Время шло, ударило 12. Лосницкий всё ещё лежал на диване, уставив глаза в потолок. Прошёл ещё час, Лосницкий, наконец, встал и начал одеваться. Мысль его остановилась исключительно на одном предмете, сознание скорого осуществления того, о чём до сих пор так много мечтал, вызвало в нём прежнее нетерпение и беспокойство. Часа в 2 Лосницкий стоял у подъезда небольшого дома, в одной из отдалённых частей города, и с нетерпением дергал звонок. Старая служанка отворила дверь и окинула его недоверчивым и недовольным взглядом.

– Дома Анна Павловна? – спросил её Лос[ницкий].

– Дома, – отвечала она лаконически и ввела его через небольшую переднюю в пустынную залу. Лосницкий сел на кресло подле круглого стола и тревожно смотрел на затворенную дверь, ведущую во внутренние комнаты. Эта тревога возрастала с каждым мгновением. Но [это] не было волнение юноши, в котором ярко отпечатывается переход от надежд к сомнению, которого страдания так живы и внушают симпатию; было что-то странное в волнении человека, испытанного трудом и страданием; у него и радость выражалась как-то болезненно, сомнение и горе не вызывало в нём бурной печали, но сказывалось глухим и мрачным, страданием.

Минут 10 прошло, пока Лосницкий сидел так в совершенной тишине. Страшно длинны показались ему эти 10 минут, капли холодного пота выступили у него на лбу, лицо приняло угрюмоё, напряжённое выражение, которое как-то неприятно видеть.

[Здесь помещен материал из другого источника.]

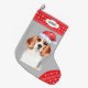 Die Vorderseite dieses Holiday Strumpfs zeigt ein Bild eines Beagle mit einer Weihnachtsmannmütze. Das Bild wird auf einem silbergrauen Hintergrund platziert, und die Zehe und die obere Grenze sind ein rot-weißes Schneeflockenmuster. An der oberen Grenze befindet sich ein weißes Etikett mit dem eigenen Text in dunkelgrau. Die Rückseite des Strumpfs ist das gleiche rote und weiße Schneeflockenmuster.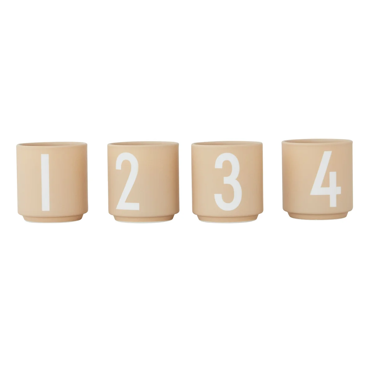 Les chiffres frappants qui ornent les tasses ont été conçus par le designer danois Arne Jacobsen en 1937. Initialement destinés au lettrage interne de l'hôtel de ville d'Aarhus, les lettres, chiffres et caractères ornent aujourd'hui divers textiles de maison, articles de table et ustensiles de bureau de Design Letters . Un design moderne et ludique pour les acrobates des mots, les amateurs de graphisme et de design.

Но вот в соседней комнате послышался шорох женского платья и шум шагов, дверь быстро отворилась, и молодая красивая женщина вошла в комнату. Лицо её было очень бледно, беспокойство и тоска сказывались на нём, смущение и робость были в каждом движении, но в мягких и кротких чертах проглядывала несокрушимая сила и страсть; не всем видимая, но глубокая печать того рокового фанатизма, которым отличаются лица мадонн и христианских мучениц, лежала на этом лице. Все сомнения и предположения, всё исчезло на минуту в душе Лосницкого перед чувством радости при виде её.

Он подошёл к ней и протянул ей руки. Увлечённая чувством признательности и радости, она подала было свои, но вдруг выдернула и закрыла ими лицо.

– Анна, что ты? – воскликнул он, поражённый таким движением.

– Зачем ты приехал, – проговорила она с тоской.

– Как зачем! Что ты говоришь?

Он смотрел на неё во все глаза и старался уразуметь смысл её слов, между тем как сознание этого смысла её слов уже сказывалось в его сердце нестерпимой болью. Она взяла его за руку и подвела к дивану, на который оба они сели рядом. Несколько времени они молчали.

– Разве ты не получил моего письма, того, где я писала, чтоб ты не приезжал? – начала она, не смотря на него, но крепко держа его руку.

– Не приезжал?.. Отчего?

– Оттого, что поздно, – проговорила она отрывисто.